Copy out each line below verbatim, skipping any picture.

__SUPPLIED DATA__
- Opening Delimiter -
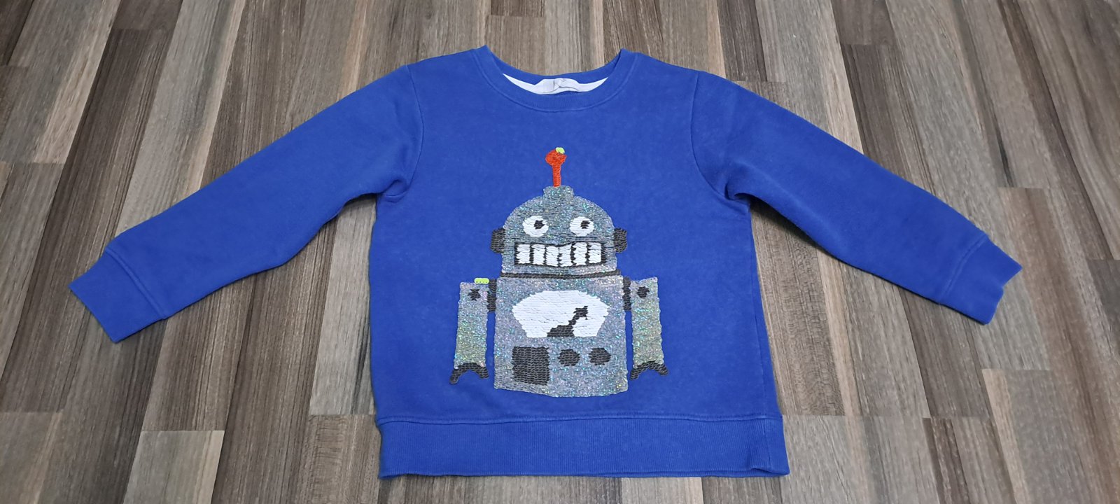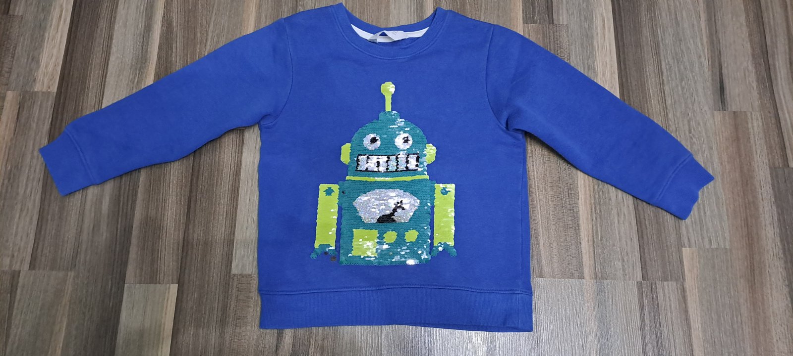 Mikina modrá ROBOT s flitrami, zn. H&M,veľ.110-116
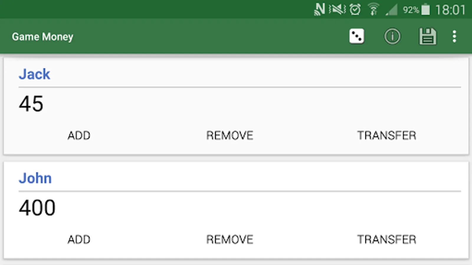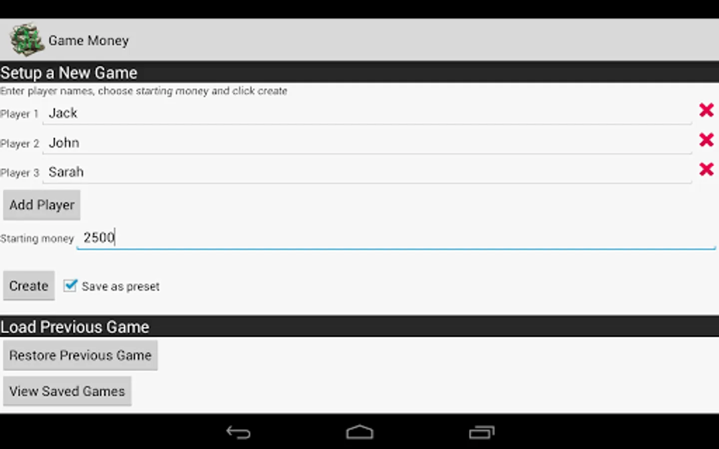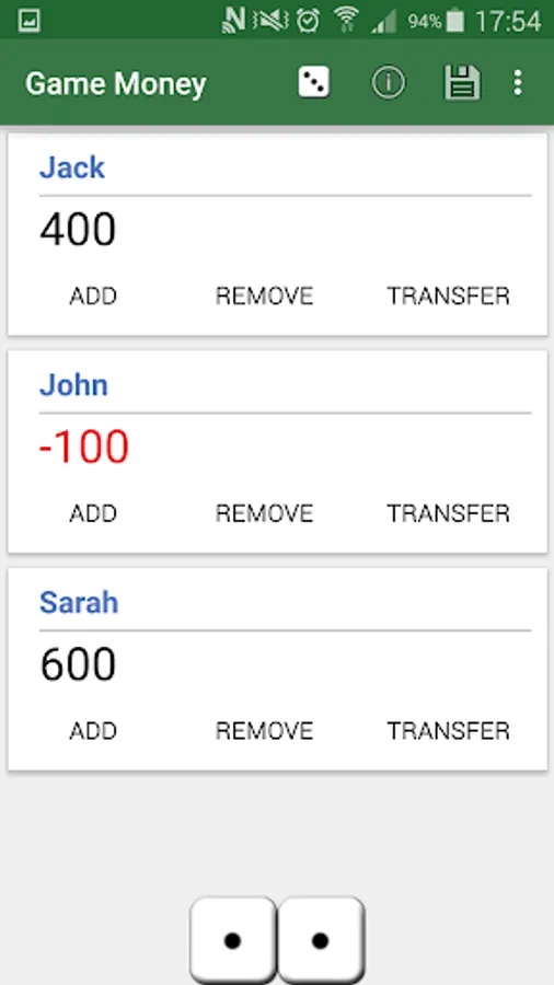 Game Money allows you to keep track of players money for games such as board games that use paper money, using your device to add, remove and transfer money between players rather than using paper money.
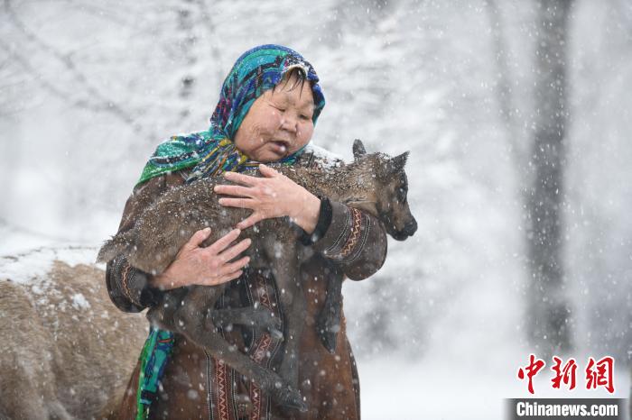 資料圖。圖為(wei) 2023年4月29日,在內(nei) 蒙古大興(xing) 安嶺,柳霞在雪中懷抱一頭剛出生不久的馴鹿幼崽。 王偉(wei) 攝
- Closing Delimiter -
__SOLUTION TO THIS TASK__
 Mikina modrá ROBOT s flitrami, zn. H&M,veľ.110-116
 Game Money allows you to keep track of players money for games such as board games that use paper money, using your device to add, remove and transfer money between players rather than using paper money.
 資料圖。圖為(wei) 2023年4月29日,在內(nei) 蒙古大興(xing) 安嶺,柳霞在雪中懷抱一頭剛出生不久的馴鹿幼崽。 王偉(wei) 攝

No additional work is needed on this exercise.